The ultimate goal of this code, however leads to my slow-going super-project, which I called zeeker. It’s a database of personal data protection resources in the cloud, and I hope to expand on the source material here to create an even richer database. So this will not be my last post on this topic.

I also believe that this is a code framework which can be used to scrape other types of legal cases like the Supreme Court, the State Court, or even the Strata Titles Board. However, given my interest in using enforcement decisions as a dataset, I started with PDPC first. Nevertheless, someone might find it helpful so if there is an interest, please let me know!

What has happened since then?

For one, personal data protection commission decisions are not interesting enough for me. Since working on that project, the deluge of decisions has trickled as the PDPC appeared to have changed its focus to compliance and other cool techy projects.

Furthermore, there are much more interesting data out there: for example, the PDPC has created many valuable guidelines which are currently unsearchable. As Singapore’s rules and regulations grow in complexity, there’s much hidden beneath the surface. The zeeker project shouldn’t just focus on a narrow area of law or judgements and decisions.

In terms of system architecture, I made two other decisions.

Use more open-source libraries, and code less.

I grew more confident in my coding skills doing pdpc-decisions, but I used a few basic libraries and hacked my way through the data. When I look back at my code, it is unmaintainable. Any change can break the library, and the bog of whacked-up coding made it hard for me to understand what I was doing several months later. Tests, comments and other documentation help, but only if you’re a disciplined person. I’m not that kind of guy.

Besides writing code (which takes time and lots of motivation), I could also “piggyback” on the efforts of others to create a better stack. The stack I’ve decided so far has made coding more pleasant.

There are also other programs I would like to try — for example, I plan to deliver the data through an API, so I don’t need to use Python to code the front end. A Javascript framework like Next.JS would be more effective for developing websites.

Decoupling the project with the programming language also expands the palette of tools I can have. For example, instead of using a low-level Python library like pdfminer to “plumb” a PDF, I could use a self-hosted docker container like parsr to OCR or analyse the PDF and then convert it to text.

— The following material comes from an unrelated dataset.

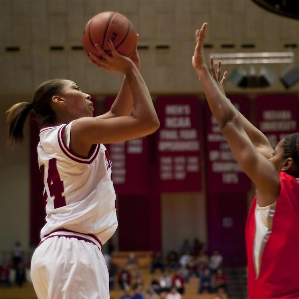 Junior forward Hope Elam shoots over Ohio State's Brittany Johnson during IU's 67-62 win over the No. 4 Buckeyes Jan. 31 at Assembly Hall. Peter Stevenson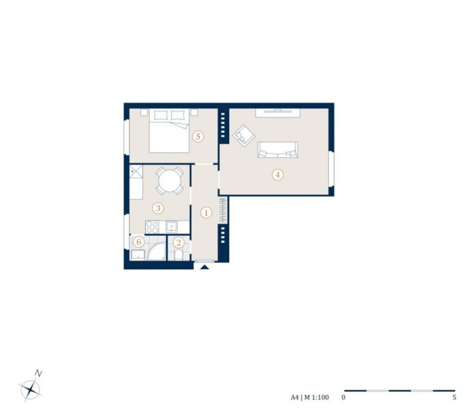Sie betreten die Wohnung und befinden sich im Vorraum. Gerade durch gelangen Sie in das Schlafzimmer. Rechterhand befindet sich das Wohnzimmer. Die Küche ist voll ausgestattet und bietet Platz für einen Tisch. Das Bad ist mit einer Dusche und einem Waschbecken ausgestattet. Das separate WC ist auch vom Vorraum erreichbar.

It’s about finding the best tool for the job, not depending only on my (mediocre) programming skills to bring results.

There’s, of course, an issue of technical debt (if parsr is not being developed anymore, my project can slow down as well). I think this is not so bad because all the projects I picked are open-source. I would also pick well-documented and popular projects to reduce this risk.

It’s all a pipeline, baby.

The only way the above is possible is a paradigm shift from making one single package of code to thinking about the work as a process. There are discrete parts to a task, and the code is suited for that particular task.

I was inspired to change the way I thought about zeeker when I saw the flow chart for OpenLaw NZ’s Data Pipeline.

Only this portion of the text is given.